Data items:

__________________________________________________

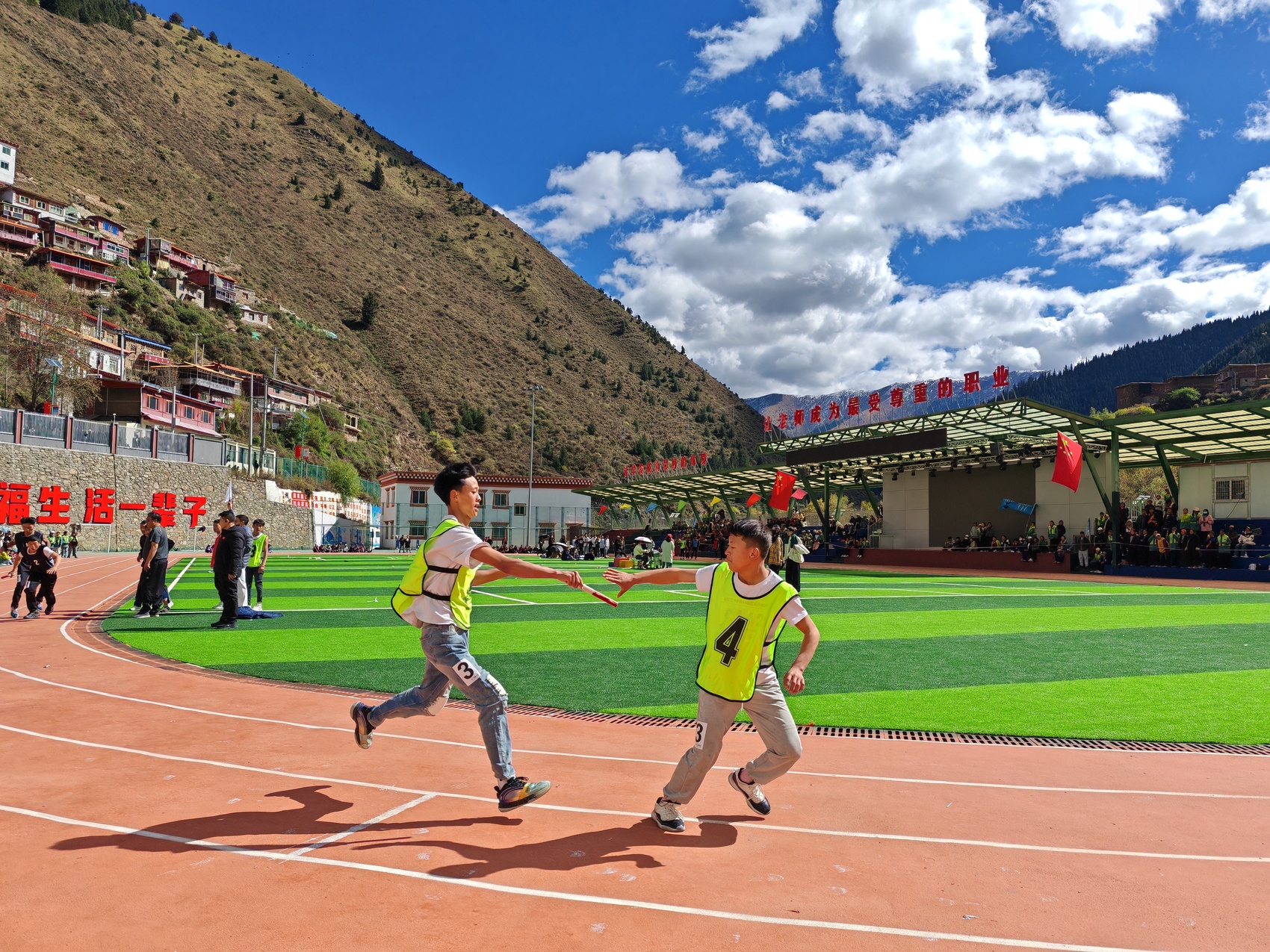 壤塘县中学学生在翻新的田径场上运动。壤塘县中学供图
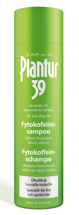 Plantur 39 är ett schampo med fytokoffein som främjar hårets naturliga tillväxt. Schampot kan bidra till att förebygga för tidig uttunning av håret efter klimakteriet.
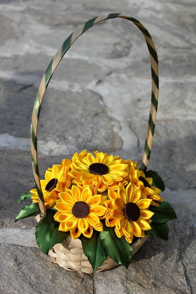 Košík doplněn ručně vyrobenými slunečnicemi ze saténu.
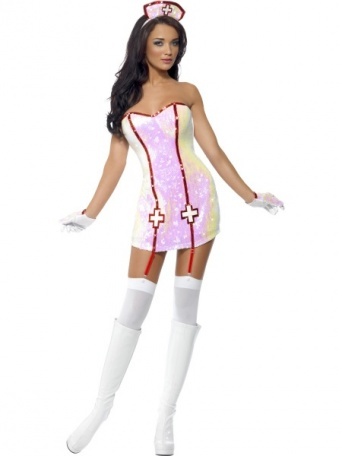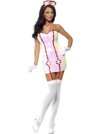 Jedinečný sexy kostým zdravotní sestřičky obsahuje flitrované mini šatičky s podvazky, rukavice a čelenku do vlasů.
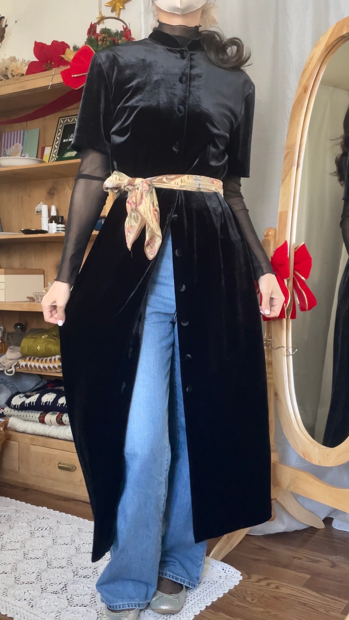 前のボタンで完全に前が開けるのでガウンのように来てもおしゃれです。
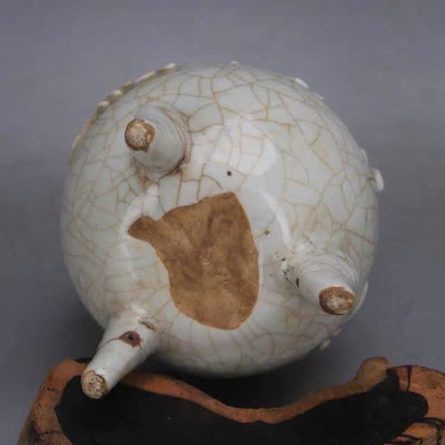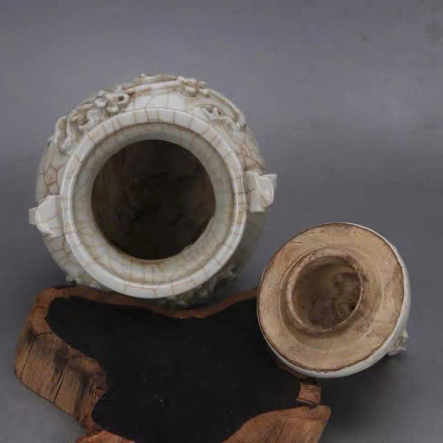 • Chất liệu và Men gốm: Đỉnh hương được làm từ sứ và phủ một lớp men rạn trắng ngà dày. Đặc điểm nổi bật là các vết rạn nứt (crazing) tự nhiên trên bề mặt men, tạo nên vẻ đẹp cổ kính và độc đáo. Phần đáy và các chân không tráng men, để lộ xương gốm.
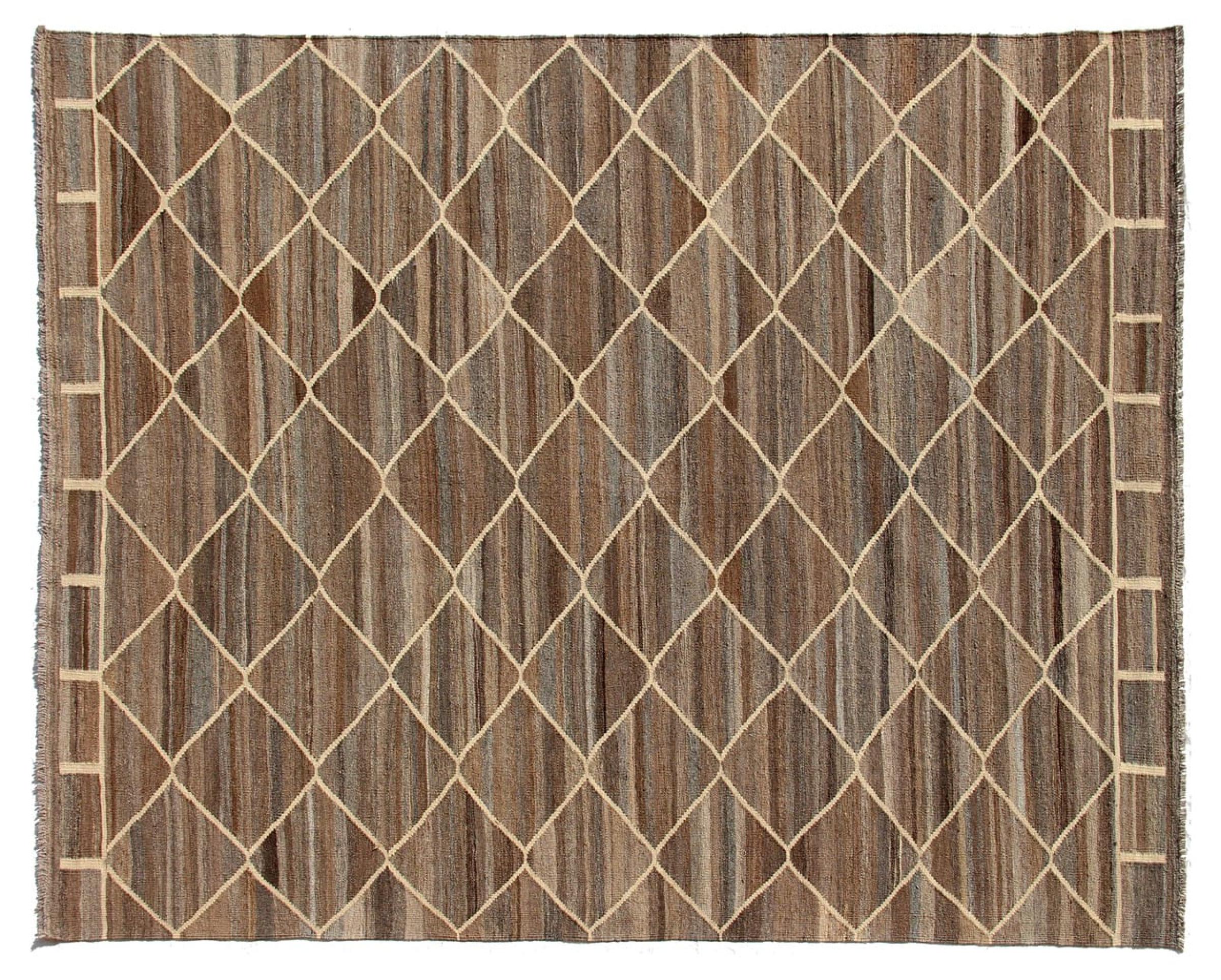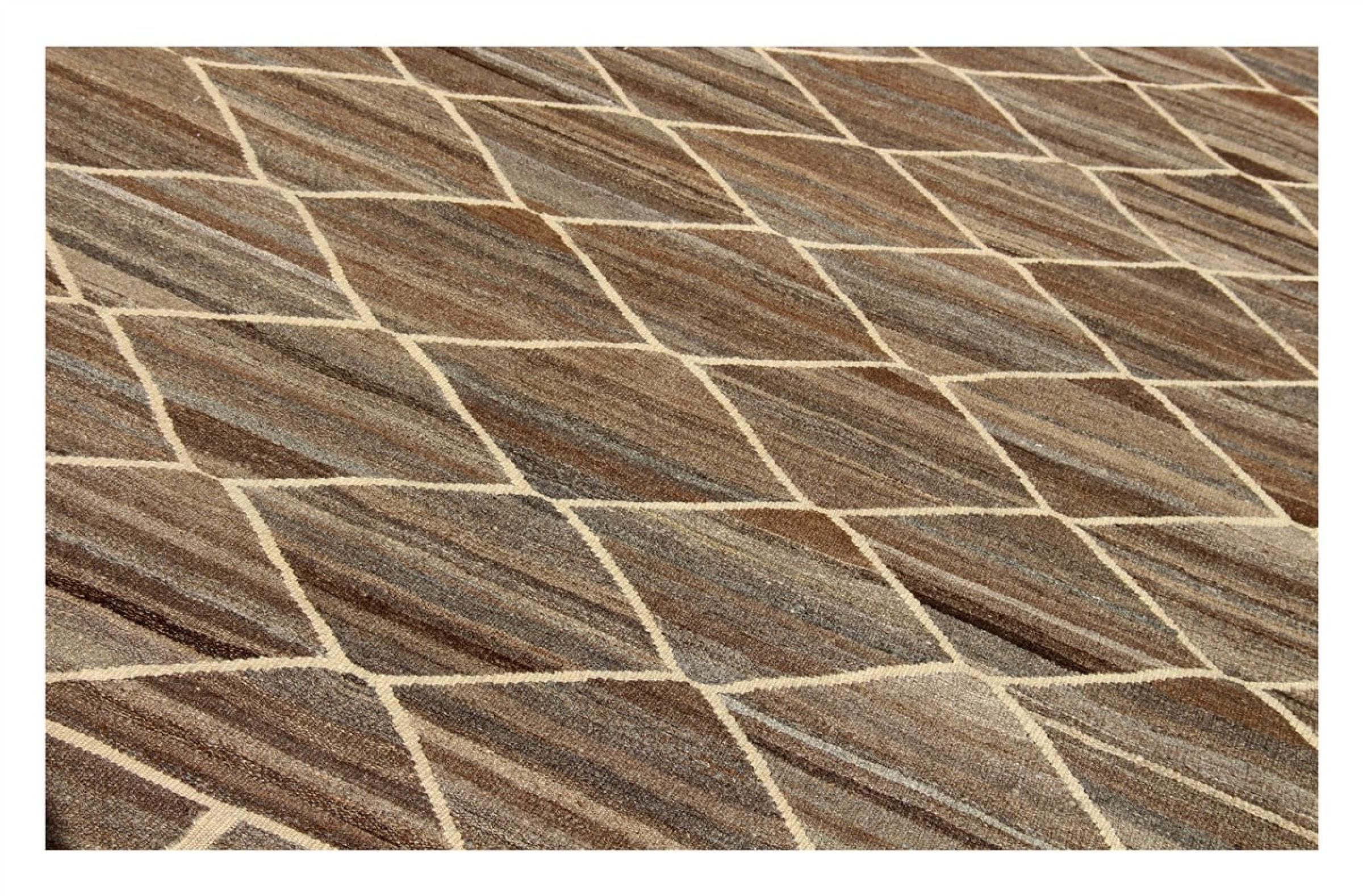 この絨毯は、平織りとして織機で手作業で作られたものです。フラットウィーブとは、パイルのないカーペットを指す言葉です。その名の通り、この絨毯は織られていて、結び目はありません。これにより、表面が構造化されたフラットカーペットが得られる。平織りは、結び目のあるカーペットよりも柔らかくなく、通常は薄くなります。同時に、彼らは製造するためにはるかに複雑ではなく、通常は両側(表と裏)からレイアウトすることができます。彼らのパターンは通常、生地によって決定される幾何学的なものです。

__________________________________________________

Restate word for word the lines starting at the one that contains "lộ xương gốm." and ending at the last line of the data. Skip every picture.

> [Response to the exercise]
 • Chất liệu và Men gốm: Đỉnh hương được làm từ sứ và phủ một lớp men rạn trắng ngà dày. Đặc điểm nổi bật là các vết rạn nứt (crazing) tự nhiên trên bề mặt men, tạo nên vẻ đẹp cổ kính và độc đáo. Phần đáy và các chân không tráng men, để lộ xương gốm.
 この絨毯は、平織りとして織機で手作業で作られたものです。フラットウィーブとは、パイルのないカーペットを指す言葉です。その名の通り、この絨毯は織られていて、結び目はありません。これにより、表面が構造化されたフラットカーペットが得られる。平織りは、結び目のあるカーペットよりも柔らかくなく、通常は薄くなります。同時に、彼らは製造するためにはるかに複雑ではなく、通常は両側(表と裏)からレイアウトすることができます。彼らのパターンは通常、生地によって決定される幾何学的なものです。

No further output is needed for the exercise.